I'm interested in the change in gene expression in T-Cells during the immune response. One way you can distinguish different functions of T-Cells is by which surface proteins they express at different times along the way. The trouble is that these surface proteins are such excellent discriminators that we use a small number of them to sort the cells out into different phenotypes. Hence, when I come along and apply my fancy differential gene expression tool to find out what's changing during the immune response all I find is a whole ton of other surface receptors that change with the phenotype.

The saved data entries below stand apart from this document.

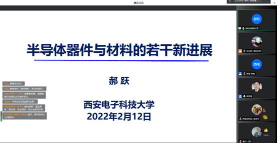 (通讯员 石文超)2022212日晚7点半,中国仪表功能材料学会电子元器件关键材料与技术专业委员会系列学术论坛第五期活动如期举办。西电51吃瓜 和机电学院依托“系列论坛”平台,邀请院士、国家级人才及电子元器件领域著名领军人才等,齐聚一堂、开放共享,为大家打造高质量的系列学术盛宴。应51吃瓜 周益春教授邀请,本期嘉宾为西安电子科技大学微电子学院郝跃院士、中科院苏州纳米所张凯研究员、51吃瓜 李沛沛博士。51吃瓜 全体师生及其他高校、科研院所师生通过线上会议的方式参与此次论坛。论坛由周益春教授主持。报告受到广泛关注,据统计,参与线上直播的师生有四百余人,参与其他转播平台的观众总计有5.9+人在线互动观看。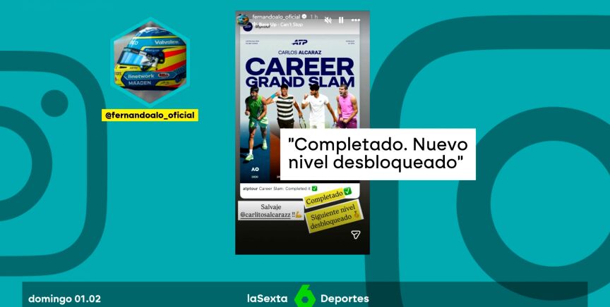 Tras la conquista de un nuevo 'grande', su primer Open de Australia, las grandes leyendas del deporte español no han dudado en rendirse a la magnitud del número uno del mundo. Fernando Alonso ha sido uno de los primeros en felicitar a Carlitos. El asturiano ha querido hacer referencia, en sus redes, al histórico hito en el que Alcaraz se ha convertido en el más joven en ganar los cuatro 'Grand Slams': "Nuevo logro desbloqueado"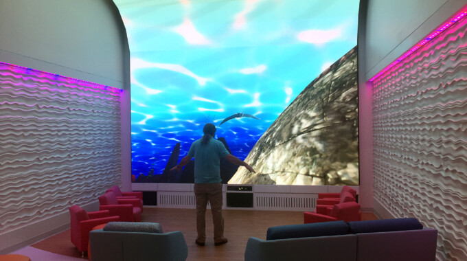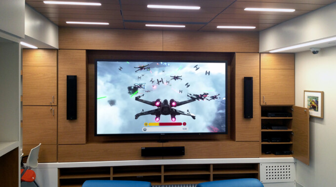 The Imagine Room’s audiovisual systems encourage patients to get out of their rooms and become absorbed in an immersive video experience. Through a gestural interface, children engage in imaginative simulation games such as flying through the jungle or traveling through outer space, and other custom-created content. Each of these distinct experiences deftly walks a fine line between controlling the game through fine motor skills and general body movement, allowing children of all ages and abilities the opportunity to interact with the wall to the best of their abilities. Patients unable to leave their rooms can experience activities within the Imagine Room via a camera feed encoded onto the building’s cable TV distribution system. The system even allows for simultaneous use of multiple input devices on the front wall, and includes a surround sound audio system. These ingenious yet cost-effective solutions deliver an environment where patients can play games, video chat, and spend time with friends and family. And maybe even contribute to their recovery.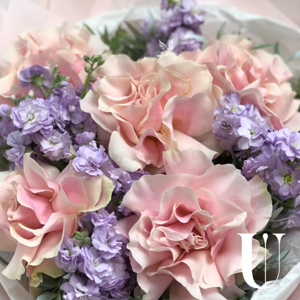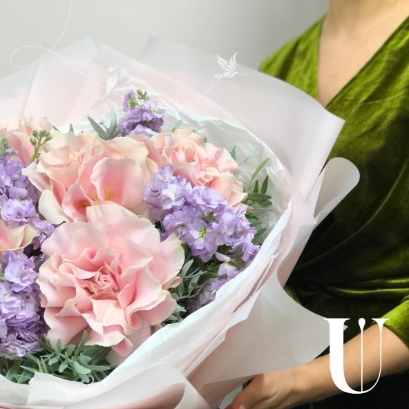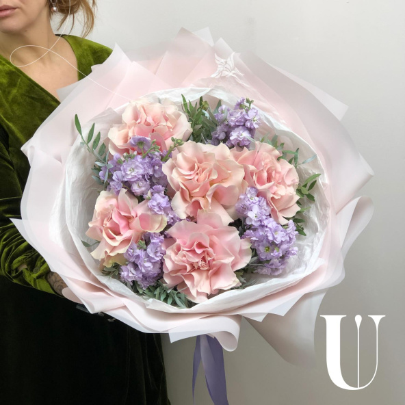 Букет из розовых кустовых роз и белых маттиол в упаковке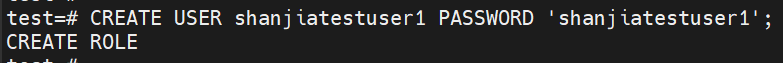 CREATE USER shanjiatestuser1 PASSWORD 'shanjiatestuser1';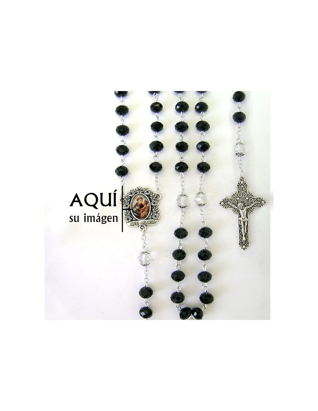 Rosario Cristal Negro Oval 8X6mm Paters Trasparentes Con Copetas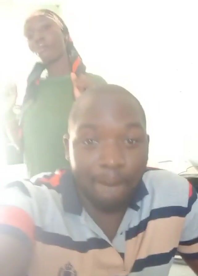 Two people are visible in the video. A dark-skinned man is in the foreground, wearing a striped polo shirt. He appears to be holding the camera. Behind him, a dark-skinned woman in a green shirt and a headscarf is gesturing with her hands, seemingly dancing. The background is a bright, plain white wall. The overall lighting in the room is bright, making the details slightly washed out. There is a rhythmic, upbeat music playing.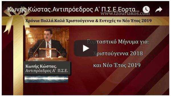 Κωνής Κώστας.Αντιπρόεδρος Α' Π.Σ.Ε.Ηχογραφημένο Εορταστικό μήνυμα για Χριστούγεννα 2018 & Νέο Έτος 2019.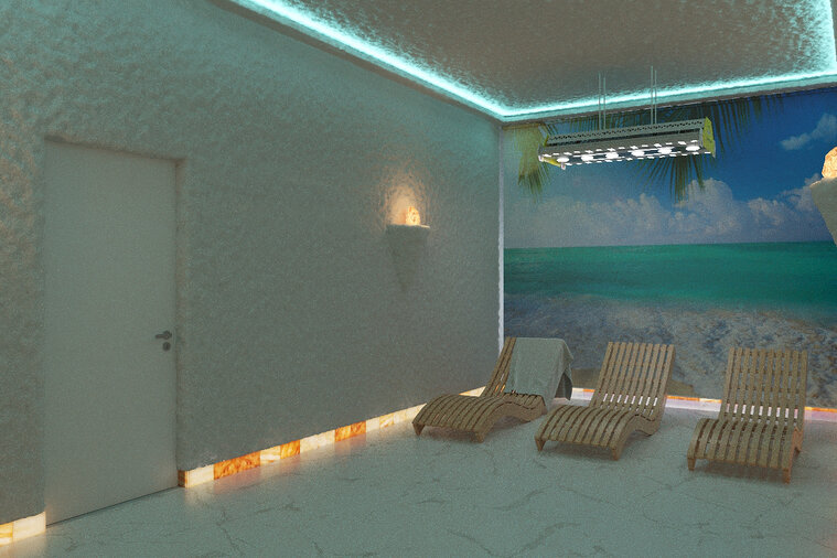 "Искусственное Солнце" создает не только ощущение солнечного света, но и эффект погружения в атмосферу морского побережья. А в сочетании с соляными комнатами и соляными кабинами ГалоЛюкс, это погружение и воздействие на организм наиболее полное и эффективное.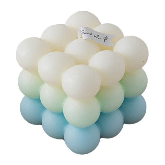 Ароматна свещ, кубичен модел, градиент в 3 бледи цвята, 6x6x6 см, морски аромат, светлосиньо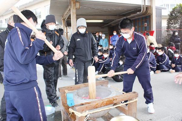 【光市】“粘り”にあやかり合格を 島田中3年生が必勝餅つき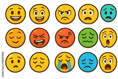 Set of emoticons. Emoji collection. Cartoon faces with different emotions. Smile, happy, sad, angry, funny character. Mood expression icon for social media. Vector illustration

This has a couple of problems: the first is that it's kind of boring - all I've discovered is that lots of surface receptors change during the immune response, which I already know. The second is that my bio colleagues are less interested in surface proteins as they're not very well conserved between organisms.

So I was thinking of removing all of the genes that are expressed in a couple of KEGG pathways (the cytokine-cytokine signalling and T-Cell receptor pathways) before I start my analysis and proceed. Two questions:

1) Is this a bad idea for some reason that I haven't realised? Are there more appropriate ways of filtering lists of genes before analysing expression?

2) Assuming it's an awesome, well-motivated-by-the-biology-and-the-data idea, are there any tools, preferably in bioconductor, that can give me a simple yes/no answer to the question: is this gene in either of these pathways?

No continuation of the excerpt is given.